How to Calculate Percentiles in BigQuery

Percentiles are a powerful way to understand the distribution of your data. In BigQuery, calculating percentiles is straightforward thanks to built-in functions and SQL constructs.

Why Percentiles Matter

Percentiles help you understand the spread and shape of your data. For example, the 90th percentile tells you the value below which 90% of the data falls. This is useful in performance monitoring, sales analysis, and customer behavior insights.

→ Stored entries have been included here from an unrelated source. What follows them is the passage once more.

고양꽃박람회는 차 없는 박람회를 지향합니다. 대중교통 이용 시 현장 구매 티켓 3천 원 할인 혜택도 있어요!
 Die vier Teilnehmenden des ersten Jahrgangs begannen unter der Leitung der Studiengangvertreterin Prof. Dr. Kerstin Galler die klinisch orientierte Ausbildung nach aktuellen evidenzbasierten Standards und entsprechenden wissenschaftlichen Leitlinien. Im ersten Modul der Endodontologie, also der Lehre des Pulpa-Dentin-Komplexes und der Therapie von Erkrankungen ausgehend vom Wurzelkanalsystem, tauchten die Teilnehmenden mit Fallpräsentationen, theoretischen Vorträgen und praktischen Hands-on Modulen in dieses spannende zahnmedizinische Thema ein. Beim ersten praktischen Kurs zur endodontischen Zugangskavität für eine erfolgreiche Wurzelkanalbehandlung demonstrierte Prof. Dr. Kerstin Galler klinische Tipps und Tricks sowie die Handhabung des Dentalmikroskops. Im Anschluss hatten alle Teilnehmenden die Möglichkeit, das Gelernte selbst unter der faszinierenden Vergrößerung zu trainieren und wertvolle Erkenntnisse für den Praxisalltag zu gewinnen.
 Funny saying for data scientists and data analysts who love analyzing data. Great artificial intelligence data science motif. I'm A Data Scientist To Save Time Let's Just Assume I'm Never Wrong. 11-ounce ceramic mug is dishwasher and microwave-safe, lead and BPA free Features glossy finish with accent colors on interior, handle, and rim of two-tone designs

BigQuery Functions for Percentiles

  • PERCENTILE_CONT(value, percentile): Returns the exact percentile using continuous distribution.
  • PERCENTILE_DISC(value, percentile): Returns the percentile as a discrete value from the dataset.
  • PERCENTILE_CONT(value, ARRAY(percentiles)): Returns an array of continuous percentiles.

Basic Example

SELECT 
  PERCENTILE_CONT(sales_amount, 0.9) AS sales_90th_percentile
FROM 
  `my_dataset.sales_data`;

This query calculates the 90th percentile of the sales_amount column.

Multiple Percentiles

SELECT 
  PERCENTILE_CONT(sales_amount, [0.25, 0.5, 0.75]) AS sales_percentiles
FROM 
  `my_dataset.sales_data`;

This query returns an array with the 25th, 50th (median), and 75th percentiles.

Using GROUP BY

SELECT 
  region,
  PERCENTILE_CONT(sales_amount, 0.9) AS sales_90th_percentile
FROM 
  `my_dataset.sales_data`
GROUP BY 
  region;

This query calculates the 90th percentile of sales for each region.

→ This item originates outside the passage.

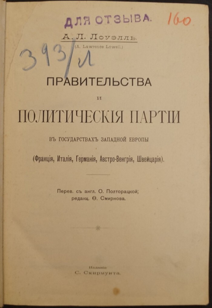 Лоуэлль А.Л. Правительства и политические партии в государствах Западной Европы (Франция, Италия, Германия, Австро-Венгрия, Швейцария)

Understanding Continuous vs Discrete

Continuous (PERCENTILE_CONT) interpolates between values, giving precise results even if the exact percentile does not exist in the dataset. Discrete (PERCENTILE_DISC) returns the actual value from the dataset, useful when you need real data points.

Final Tips

  • Always check if your dataset has enough rows for meaningful percentiles.
  • Use SAFE.PERCENTILE_CONT if you want to avoid errors on empty datasets.
  • Test both continuous and discrete methods to see which works best for your use case.

With these techniques, you can confidently summarize and analyze your data in BigQuery!